# Why Topological Data Analysis Can Deal with Complex Data

In our earlier post, we saw that data can exhibit a great deal of complexity, and observed that complexity is often the most significant hurdle to overcome in the analysis process. In this post, we will show how topological data analysis (TDA) can overcome this hurdle, and deal with the great diversity of patterns that occur in real data.

In order to do this, we will first show how TDA deals with data sets which *can* be handled with traditional techniques.

Linear regression is one of the most frequently used traditional data analytic methods. In the case of two dimensional data, it attempts to approximate a data set by a straight line, as pictured below.

In addition to the picture, the line is represented by the equation y = x.

What TDA does is to represent the data set by a network or graph, i.e. a set of nodes (which correspond to sets of data points) and edges between these nodes. In the case of the data set described above, it would produce a network that looks like this.

We note that the output to TDA is just a list of nodes and a list of edges connecting those nodes. We obtain a graph on the screen by using a layout algorithm, which will typically produce something that approximates a line, as we see above. Of course, one of the important properties of the xy plot above is the slope of the line, which indicates a particular position of the line in the plane, something that is not recoverable from the TDA graph itself.

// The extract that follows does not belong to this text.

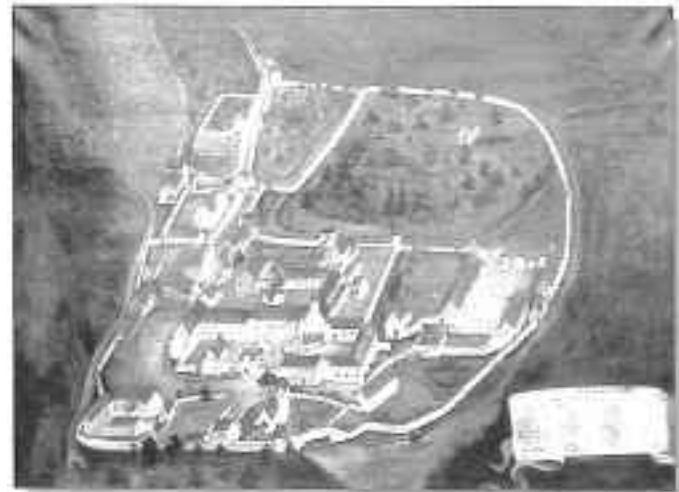
Klosterprospekt aus dem Jahr 1858. Das Original ist in Privatbesitz.

However, Ayasdi’s implementation of TDA includes the capability of coloring the graph by variables of interest. For example, if we were to color the graph by the average value of the x-variable, the coloring would look like this.

If we colored by the value of the y-variable, it would look like this.

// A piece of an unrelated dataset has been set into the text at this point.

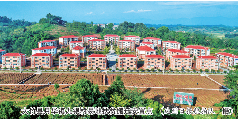
大竹县月华镇九银村易地扶贫搬迁安置点

市发展改革委作为市委、市政府的参谋助手，始终坚持想大事、谋大事、议大事，时刻置身于全国全省大背景、大格局中审视探索自身定位，集中精力研究推动事关达州全局和长远的重大事项。 2018年，推动了一大批重大事项取得突破。老区振兴发展方面，谋划60余个重大项目、总投资近百亿元，计划通过3—5年努力，探索一条革命老区全面建成小康社会、加快实现现代化的新路子；天然气开发利用方面，《国家天然气综合利用示范区建设实施方案》已报国家能源局评审。天然气实现增产增供，产量达99亿立方米，消纳量达15亿立方米；铁路枢纽建设方面，经过努力争取，“加快成南达万高铁建设”写入省委全会决定；区域协同发展方面，川东北经济区、达成合作、达渝合作、达陕合作全面推进，达万协同发展纳入川渝合作行动计划，写入省委“一干多支、五区协同”
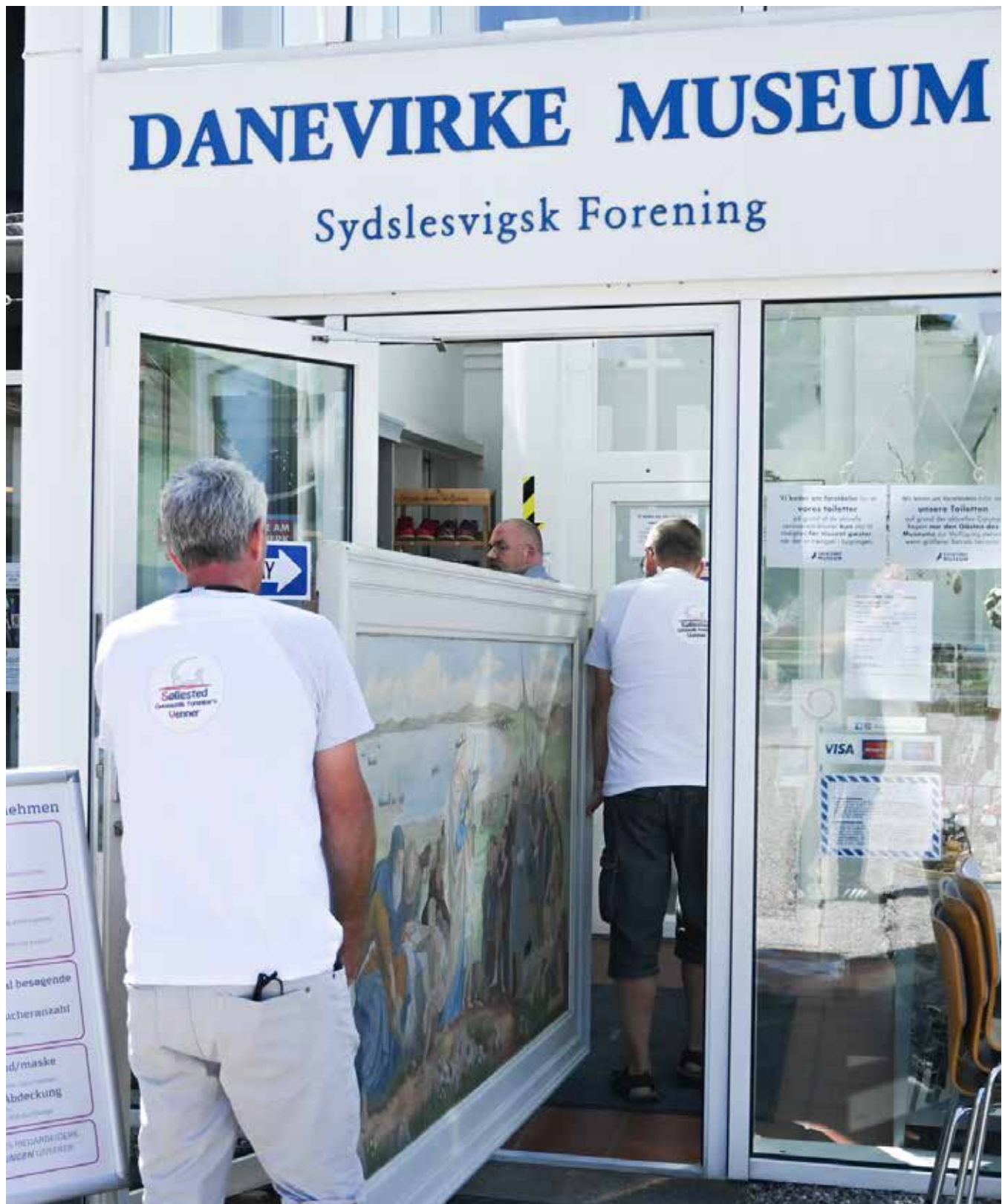
Maleriet på vej ind på museet. Det fylder en del.

The colorings by the x and y variables are *identical*. This reflects the fact that the line is at a 45 degree angle to the axes, goes through the origin, and most importantly is given by the equation y = x. Suppose instead that the line is not through the origin, and has a different slope. For example, suppose the line looks like this.

Its equation is y=x+1. The graph produced by TDA would be the same as the graph above. The coloring by the x-variable would be identical to the colorings above, but the coloring by the y-variable would now look like this.

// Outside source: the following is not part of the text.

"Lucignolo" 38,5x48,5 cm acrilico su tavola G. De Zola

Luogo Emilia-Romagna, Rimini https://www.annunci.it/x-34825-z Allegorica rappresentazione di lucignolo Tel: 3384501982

So, the colorings reflect the quantitative properties of the data set. The network reflects the qualitative property that the set is well approximated by a line.

Another very useful method for data analysis is cluster analysis. Suppose we have a data set with two variables, whose scatterplot looks like this.

Cluster analysis would now recognize that the set breaks up into 3 distinct pieces, and produce three lists of of the data points within each group. TDA would produce a graph that might be laid out like this.

The left most graph corresponds to the upper cluster, the middle graph to the lower left cluster, and the rightmost one to the lower right cluster. TDA reflects the cluster decomposition into three pieces, and also retains a bit of information on the shape of the set. As was the case with linear regression above, TDA does not reflect the positioning of the clusters. That can be recovered by coloring the nodes of the graph with the average value of the coordinates in the node. Coloring by the x-variable would look like this.

On the other hand, coloring by the y-variable would yield the following image.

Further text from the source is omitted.